This chapter offers a reassessment, from the perspective of this study, of Schrödinger’s work, especially of his concept idea of quantum waves, as it extended from Max Born’s 1926 interpretation of Schrödinger’s wave or ψ-function in terms of probability to Bohr’s complementarity and then to the viewpoint of modern-day quantum information theory, especially in its Bayesian version. Section 5.1 gives a general introduction to the subject of quantum waves. Section 5.2 discusses those aspects of the old quantum theory and Heisenberg’s matrix mechanics that help place Schrödinger’s work in its proper historical context. Sections 5.3, 5.4, and 5.5 consider Schrödinger’s wave mechanics as a wave theory of subatomic processes. I close with a discussion of the concepts of quantum state, quantum entanglement, and quantum information, via the cat-paradox paper. These themes will be developed in Chapters 6, 7, and 8.

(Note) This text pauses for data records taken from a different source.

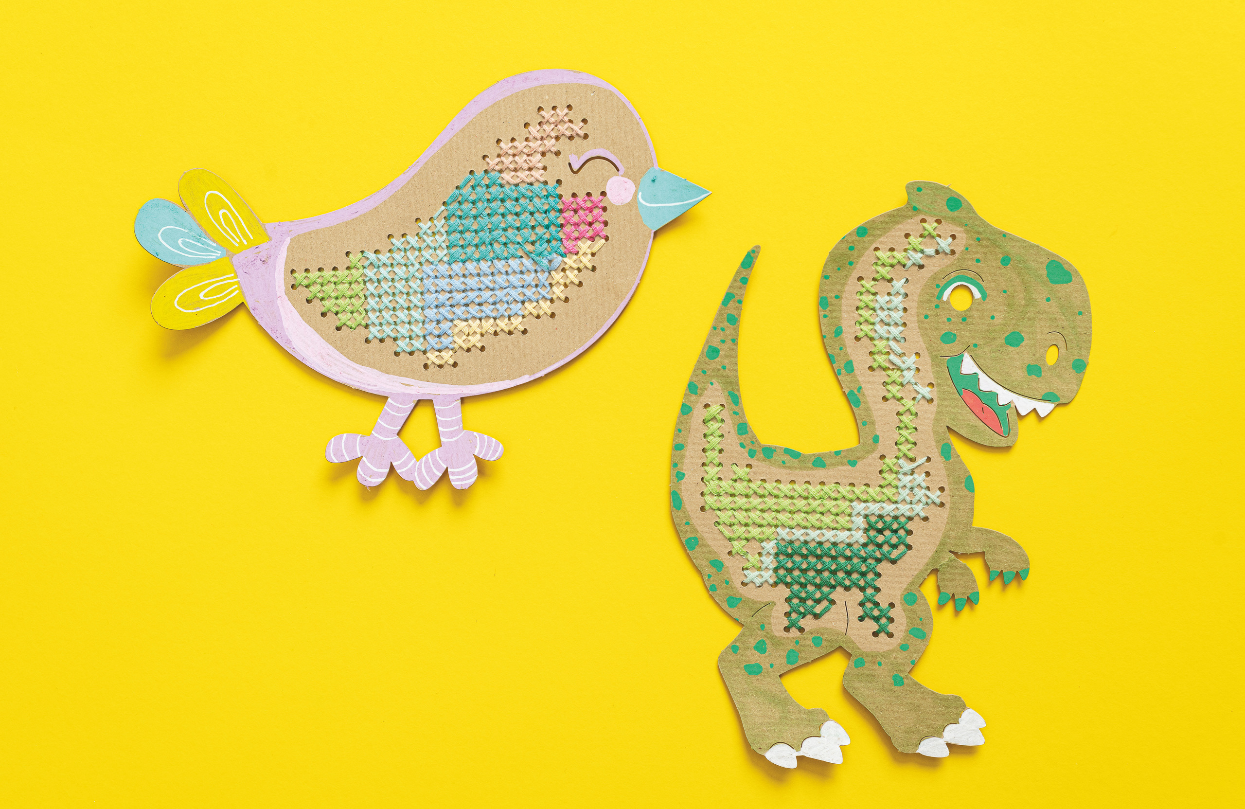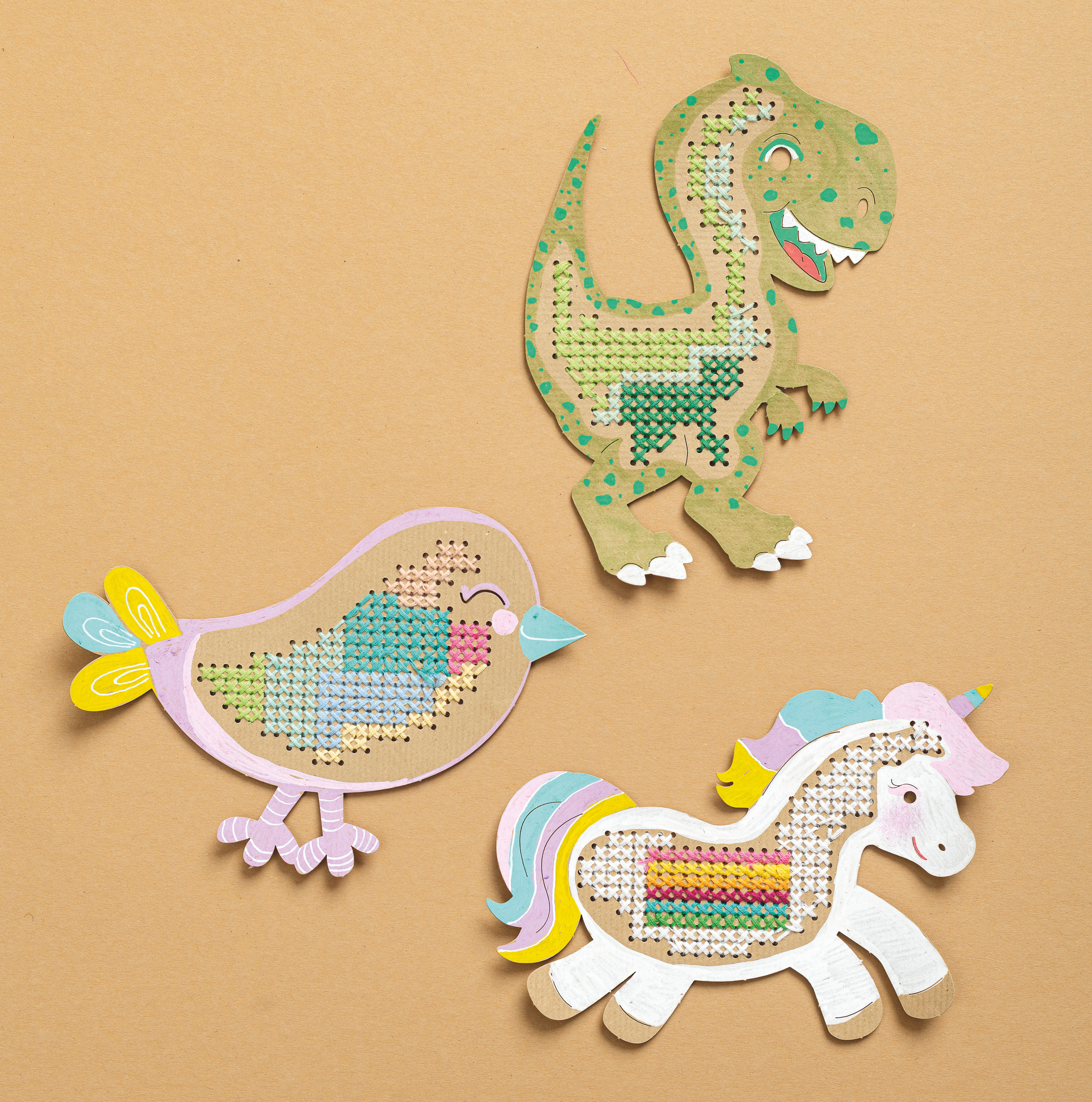 250 g/qm carton kraft, découpé au laser, 24 animaux au point de croix assortis en 12 motifs, format DIN A5, instructions illustrées incluses, 24 feuilles
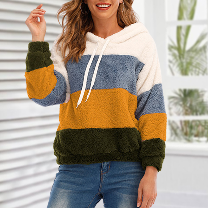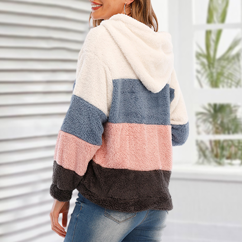 Color Blocking Drawstring Hooded Fleece Sweatshirt
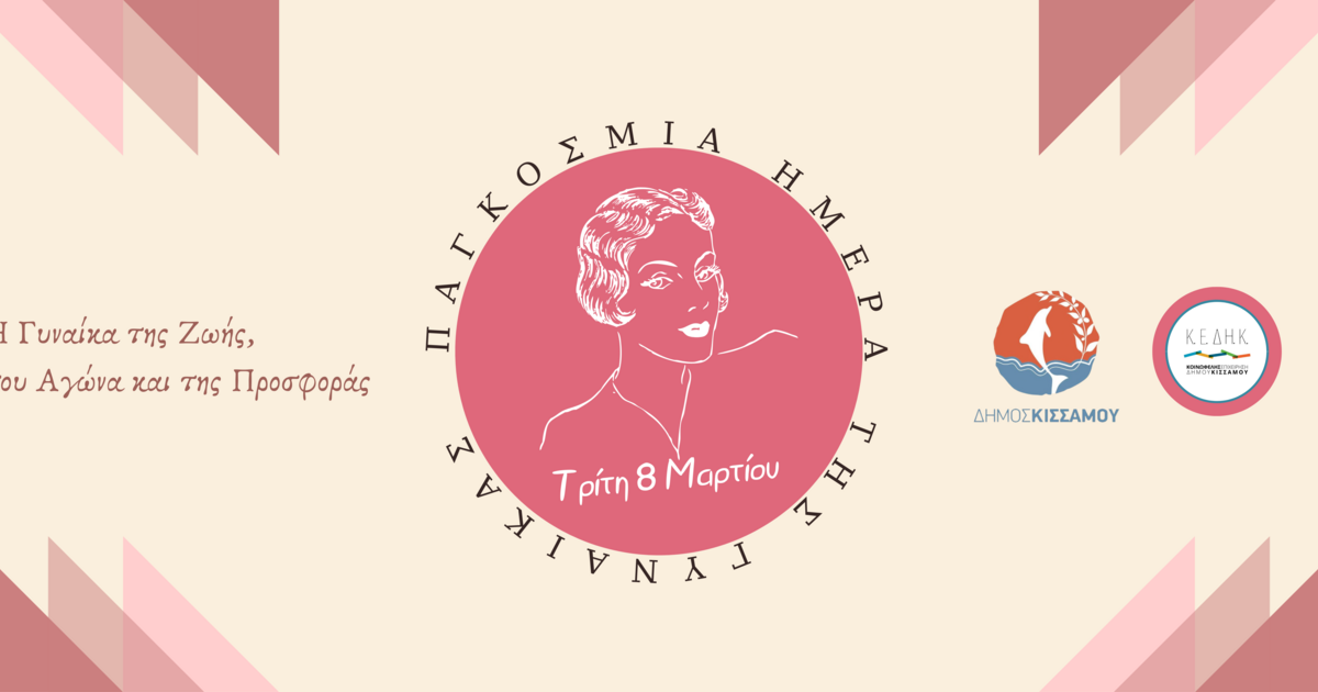 Ο Δήμος Κισσάμου και η Κοινωφελής Επιχείρηση του Δήμου Κισσάμου με αφορμή την Παγκόσμια Ημέρα της Γυναίκας διοργανώνουν την εκδήλωση: « Η Γυναίκα της Ζωής, του Αγώνα και της Προσφοράς», την Τρίτη 8 Μαρτίου 2022, στις 18:00, στην αίθουσα εκδηλώσεων του Δημαρχείου Κισσάμου.
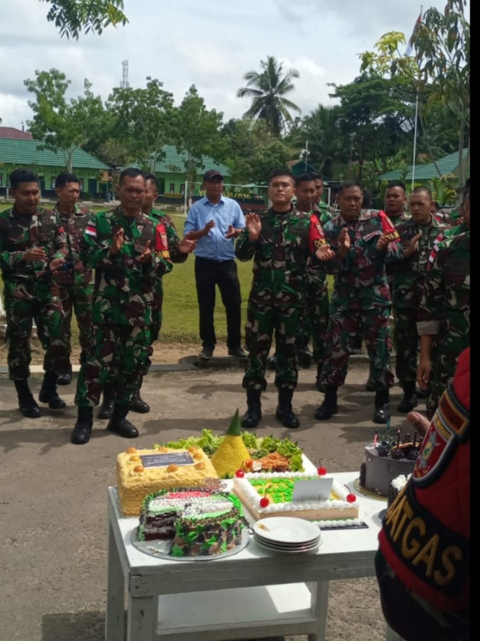 Bupati Nunukan Asmin Laura bersama Kepala Kantor Pelayanan, Penyuluhan dan Konsultasi Perpajakan (KP2KP) Nunukan Ari Saptono dan instansi pemerintah pusat dan daerah lainnya di Kabupaten Nunukan menghadiri syukuran Hari Ulang Tahun (HUT) ke-77 Tentara Nasional Indonesia (TNI) pada tahun 2022 di Asrama Satuan Tugas Pengamanan Perbatasan (Satgas Pamtas) di Kab. Nunukan (Rabu, 05/10).
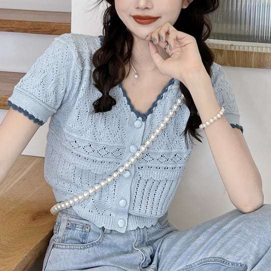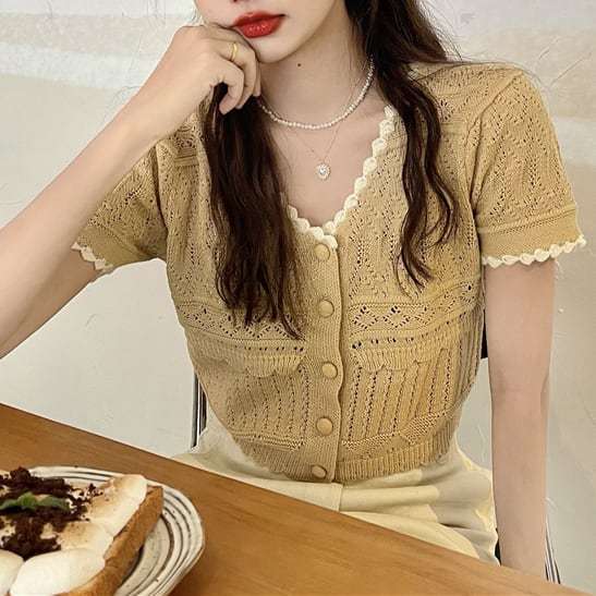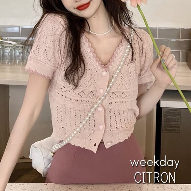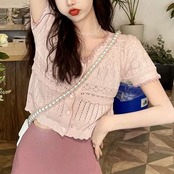 サマー ニット カーディガン Vネック 韓国 トップス [gg-1179]
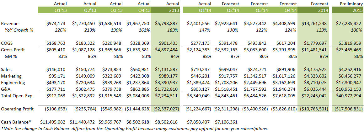 The preliminary plan for 2015 is to do $27mm in revenue with an aggressive ramp in expenses, particularly around engineering. Admittedly, there isn’t much precision around the 2015 plan since the new CFO has only been in place for about 2 months. There may be additional upside on the topline if marketing continues to perform well at demand generation but it’s too early to say for sure.
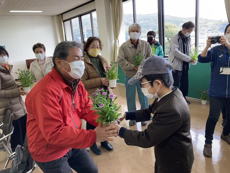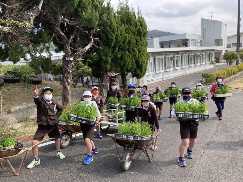 子ども民生委員の活動として全校児童で「花の宅配便」に取り組んでいます。自分たちで種から育てた花の鉢植えを、地域の一人住まいのお年寄りの方へ届けようという活動です。毎年行っていますが、新型コロナの影響により、子供たちが直接お届けするのが難しいことから、昨年度に引き続き、地域の民生委員さんにお願いして届けていただくことにしました。写真は児童代表として4年生が社会福祉協議会を訪れ、民生委員さん方にお願いしている様子です。1日も早く直接手渡しできる日が戻ってくることを願っています。民生委員の皆さん、どうぞよろしくお願いします。
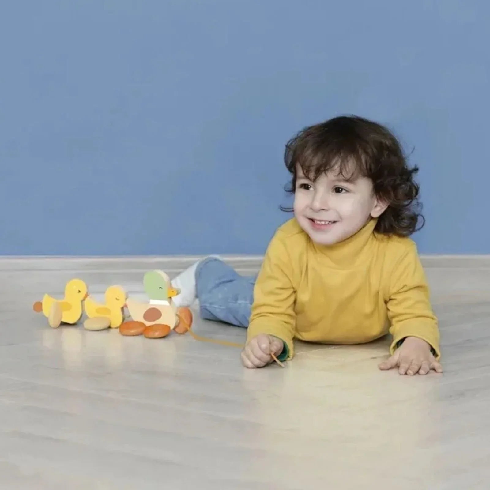 The Classic World Paddling Pull Along Duck is both fun and encouraging for little ones learning to walk! As they pull the mummy and baby ducks along, their wiggling motion captures attention, motivating toddlers to keep moving. This engaging design promotes gross motor skills, balance, and hand-eye coordination, making those first steps even more exciting. Crafted from natural, eco-friendly wood and coated with non-toxic, water-based paint, it ensures a safe and sustainable play experience. A delightful walking companion that makes every step more fun!

This is an extremely funny thing. The contrast between light-quanta and wave radiation can be traced even in the atom as: (a) single orbiting electrons; or (b) a standing vibration of the whole atomic region. In the interpretation (a) [we have]: the Hamiltonian partial differential equation; the separation of variables; and the quantization in the well-known manner. In the interpretation (b) [we have]: the wave equation; the separation of variables in the old, well-known sense that the unknown function is assumed to be, e.g., the product of a function of [radial coordinate] r, of a function of [the angle] θ, and a function of [the angle] φ; searching for the “normal vibrations.” The frequencies emitted [by atoms] appear as frequency differences, i.e., as beat frequencies of the normal frequencies. Something must be hidden behind that. I hope to formulate the results soon in an organized way.

(Erwin Schrödinger, A Letter to Wilhelm Wien, January 8, 1926)

[The ψ-function] is now the means for predicting the probability of measurement results. In it is embodied the momentarily-attained sum of theoretically based future expectation, somewhat as laid down in a catalogue.

—Erwin Schrödinger, “Die gegenwärtige Situation in der Quantenmechanik” [The Present Situation in Quantum Mechanics] (Schrödinger 1935a, p. 158)

If two separate bodies, each by itself known maximally, enter the situation in which they influence each other, and separate again, then there occurs regularly that which I [call] entanglement [Verschränkung] of our knowledge of the two bodies.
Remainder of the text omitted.